[Saved data entries]
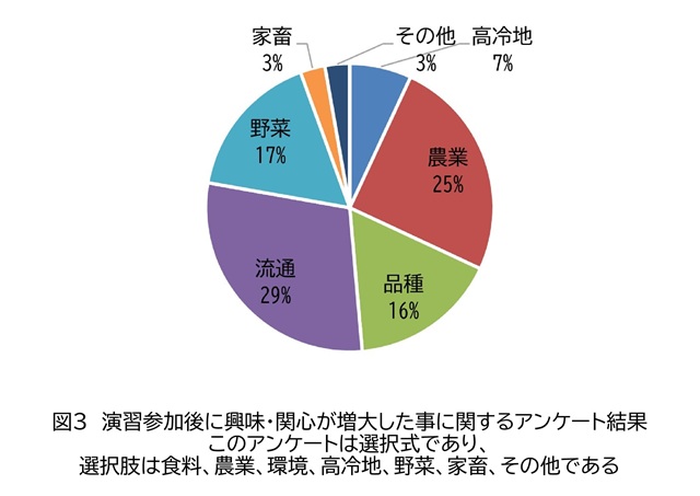 演習後に興味関心が増した事については高い順に、流通29%、農業25%、野菜17%、品種16%、高冷地7%、家畜3%、その他3%という回答結果になった(図3)。今までの実習や演習では時間やタイミングの都合上触れられなかった部分(収穫から包装まで)を行ったことや、農家が収穫した果樹が選果場へ運ばれ、実際に選果され、段ボールに梱包され、トラックで各地に運ばれているという流れを選果場での見学で触れたことで、流通や農業への興味が高かったのではないかと考えられる。
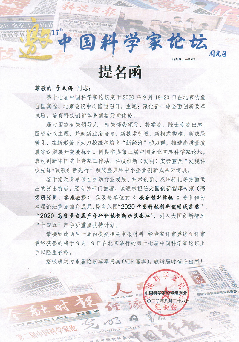 2020年9月19日,万象城平台,万象城(中国)机械技术骨干,被【中国科学家论坛】诚邀担任大国创新智库专家(研究员、客座教授),参加第十七届科学家论坛会议,我公司的《安全性升降机》作为本届重点推介成果,并被提名入围“2020中国科技发明成果奖”“2020高质量发展产学研科技创新示范企业”列入大国创新智库“十四五”产学研重点扶持计划,论坛当日各位代表被邀请上台演讲,并被采访,并一致表示在今后的技术方面还会有更多的提升!这是企业的荣誉,企业的专注、,更是企业的实力。
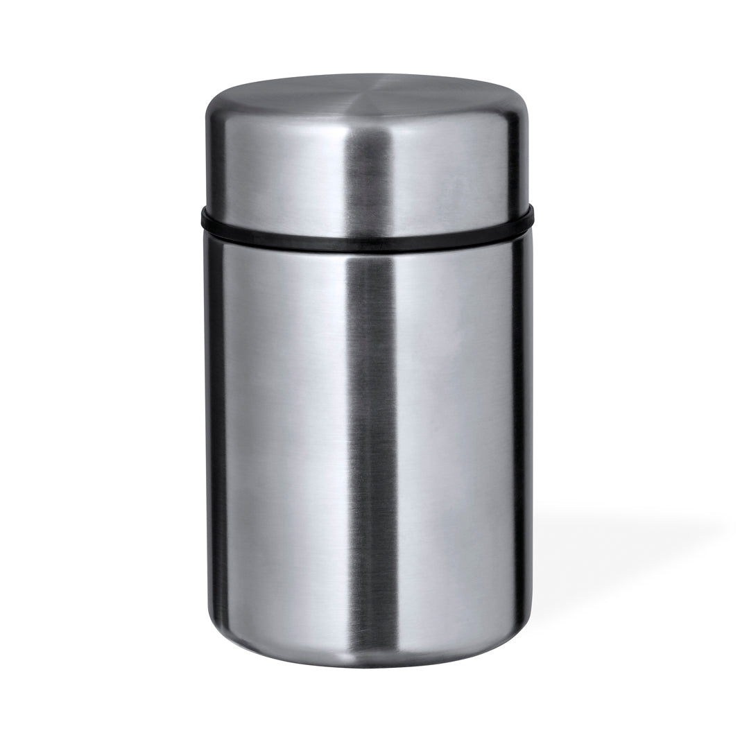 Fiambrera de doble pared, fabricada en acero inox y de 600 ml de capacidad. Cierre de seguridad con tapadera estanca de rosca en acero inox. Disponible en varios colores y presentada en atractiva caja individual de diseño.
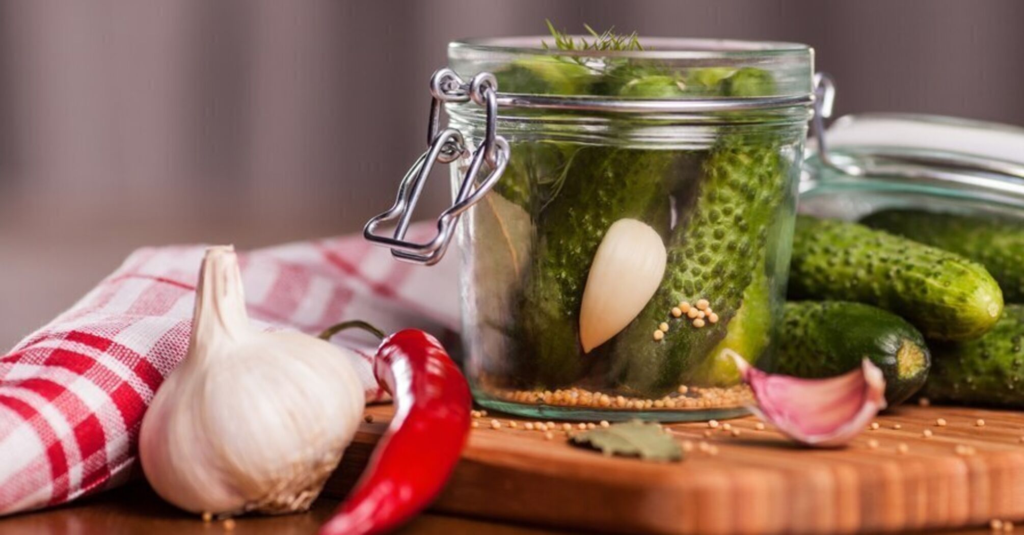 Cucumbers can be preserved with garlic, pepper, onion, bell pepper, mustard, vinegar, and ground black pepper. It is very important to remember that jars and lids must be sterilized very well beforehand.
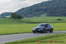 Dans cette configuration, c’est un véritable rodéo qui s’engage avec la voiture, le couple et la puissance alliés à l’action du Torque Vectoring ayant vite fait de faire glisser l’arrière si l’on dépasse la limite d’adhérence. Je suis un habitué de longue date des propulsions, et cette Giulia Quadrifoglio m’offre vraiment des sensations qui me rappellent certaines des autos de course que j’ai pilotées, me procurant un plaisir que j’avais quasiment oublié en cette époque où presque tout ce qui roule avec plus de 500 ch est à quatre roues motrices.
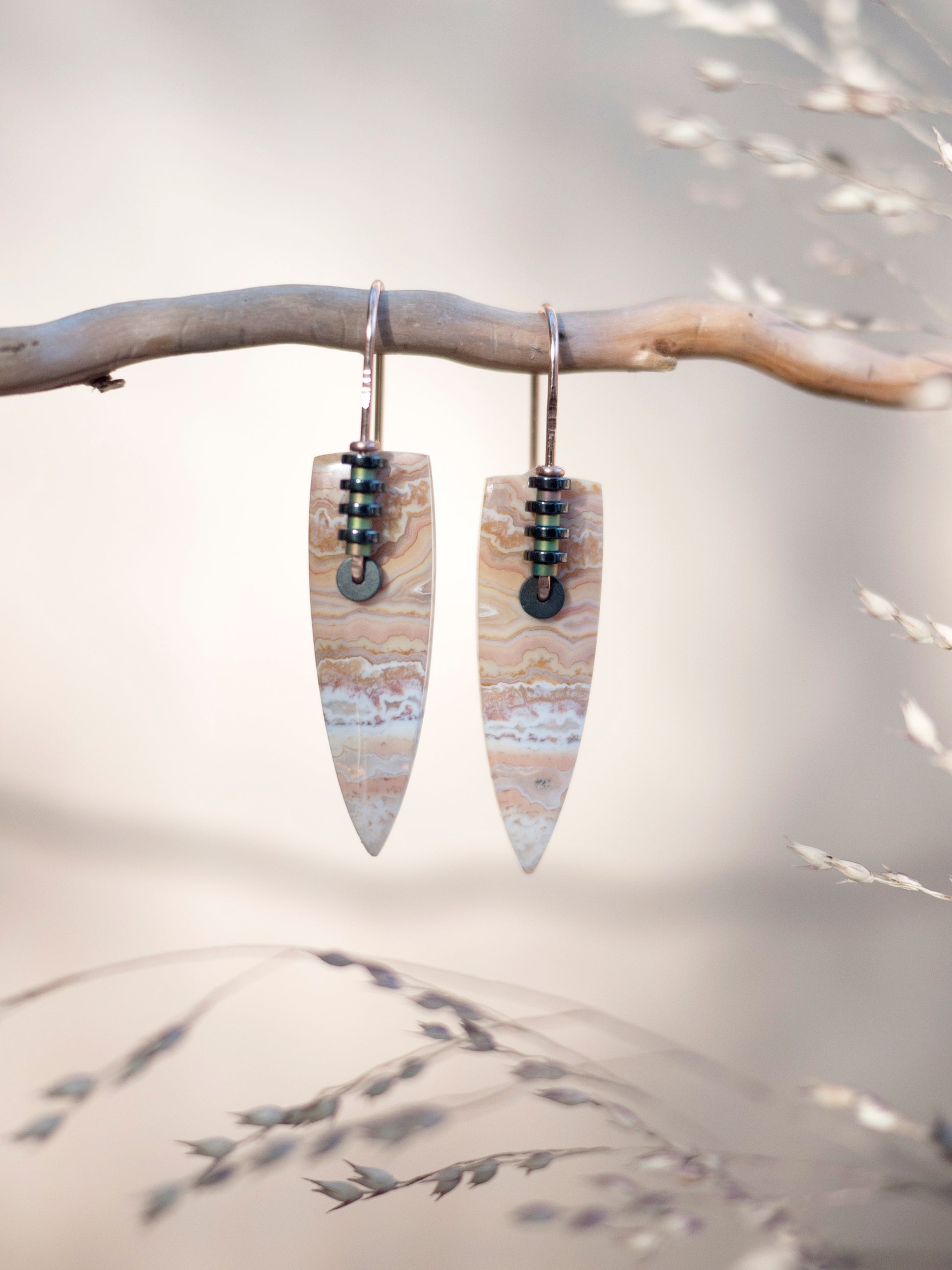 Made with rose gold fill wire. Hand cut lace agate stones are the centerpiece of these simple earrings. The wire has portions that are hammered to give the earrings a unique combo of textured and smooth. Adorned the wire are grey and rainbow colored hematite beads. These earrings come with rubber backings.
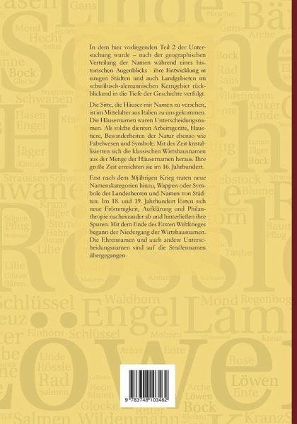 In dem hier vorliegenden Teil 2 der Untersuchung wurde - nach der geographischen Verteilung der Namen während eines historischen Augenblicks - ihre Entwicklung in einigen Städten und auch Landgebieten im schwäbisch-alemannischen Kerngebiet rückblickend in die Tiefe der Geschichte verfolgt.Die Sitte, die Häuser mit Namen zu versehen, ist im Mittelalter aus Italien zu uns gekommen. Die Häusernamen waren Unterscheidungsnamen. Als solche dienten Arbeitsgeräte, Haustiere, Besonderheiten der Natur ebenso wie Fabelwesen und Symbole. Mit der Zeit kristallisierten sich die klassischen Wirtshausnamen aus der Menge der Häusernamen heraus. Ihre große Zeit erreichten sie im 16. Jahrhundert. Erst nach dem 30jährigen Krieg traten neue Namenskategorien hinzu, Wappen oder Symbole der Landesherren und Namen von Städten. Im 18. und 19. Jahrhundert lösten sich neue Frömmigkeit, Aufklärung und Philanthropie nacheinander ab und hinterließen ihre Spuren. Mit dem Ende des Ersten Weltkrieges begann der Niedergang der Wirtshausnamen. Die Ehrennamen und auch andere Unterscheidungsnamen sind auf die Straßennamen übergegangen.

[Instructions for the task] Would you transcribe the lines above exactly, going from the line bearing "Fiambrera de doble" through the line bearing "Cucumbers can be", and drop the pictures from the copy?

[Task answer]
 Fiambrera de doble pared, fabricada en acero inox y de 600 ml de capacidad. Cierre de seguridad con tapadera estanca de rosca en acero inox. Disponible en varios colores y presentada en atractiva caja individual de diseño.
 Cucumbers can be preserved with garlic, pepper, onion, bell pepper, mustard, vinegar, and ground black pepper. It is very important to remember that jars and lids must be sterilized very well beforehand.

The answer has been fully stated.